The Book in One Sentence

Deisenroth, Faisal & Ong frame the book around a single observation:

"Most machine learning algorithms can be cast as a combination of four pillars — regression, dimensionality reduction, density estimation and classification — and each of them is built from four mathematical foundations: linear algebra, analytic geometry & vector calculus, probability & distributions, and continuous optimisation."

— paraphrased from the book's preface

Part I (chapters 2–7) develops the four foundations from scratch. Part II (chapters 8–12) takes each algorithm in turn and re-derives it using the tools of Part I — not as a list of recipes, but as something that had to look this way.

Companion philosophy

This deck series follows the same arc. Decks 02–07 visualise the foundations; decks 08–12 visualise how the four algorithms are built from them. The chapter and section numbers in every deck correspond to the book, so you can flip between them.

02

Two Languages: Predictor and Probabilistic Model

A theme of the book is that every ML algorithm can be cast in two equivalent forms, and the choice of form is largely a matter of taste — until you need uncertainty.

1. Predictor function

A deterministic map $f:\mathbb{R}^D \to \mathbb{R}$ or $\{1,\dots,K\}$.

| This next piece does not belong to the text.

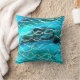 Een stijlvol, opvallend kussen of een scatterkussen, in turquoise zwart-wit, van een abstract, met de hand geschilderd ontwerp, met de suggestie van 'Waves', van Judy Adamson.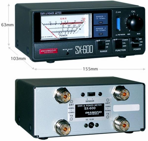 | SX600 通過形SWR・パワー計 第一電波 【1.8~525MHz・2センサー内蔵】 ●外形寸法:W155×H63×D103mm ●重量:630g ●周波数範囲:S1(1.8~160MHz)、S2(140~525MHz) ●電力測定レンジ:5W・20W・200W ●電力測定確度:±10%(F.S) ●連続測定最大電力: 150W S2(140~220MHz)、100W S1(1.8~100MHz)/ S2(400~525MHz)、70W S1(100~160MHz) ●SWR測定最小電力:S1(1W)、S2(4W) ●挿入損失:S1(0.2dB以下)、S2(0.3dB以下) ●測定機能:進行波電力・反射波電力・SWR・PEPモニター ●入力コネクター:M-J ●照明表示:外部DC13.8Vセンサー電源接続時照明、センサー切替LED表示 ●電源:13.8V ●センサー:2センサー方式(S1/S2) | |||

$$\hat y = f(\mathbf{x};\boldsymbol\theta)$$

"Given $\mathbf{x}$, return the best guess for $y$." Risk-minimisation, regularisation, the bias-variance picture all live here.

2. Probabilistic model

A conditional distribution $p(y\mid\mathbf{x};\boldsymbol\theta)$, or a joint $p(\mathbf{x},y\mid\boldsymbol\theta)$.

$$\hat y \sim p(y\mid \mathbf{x};\boldsymbol\theta)$$

Same predictor at the mode — but now you also have a posterior, an entropy, and a calibrated uncertainty.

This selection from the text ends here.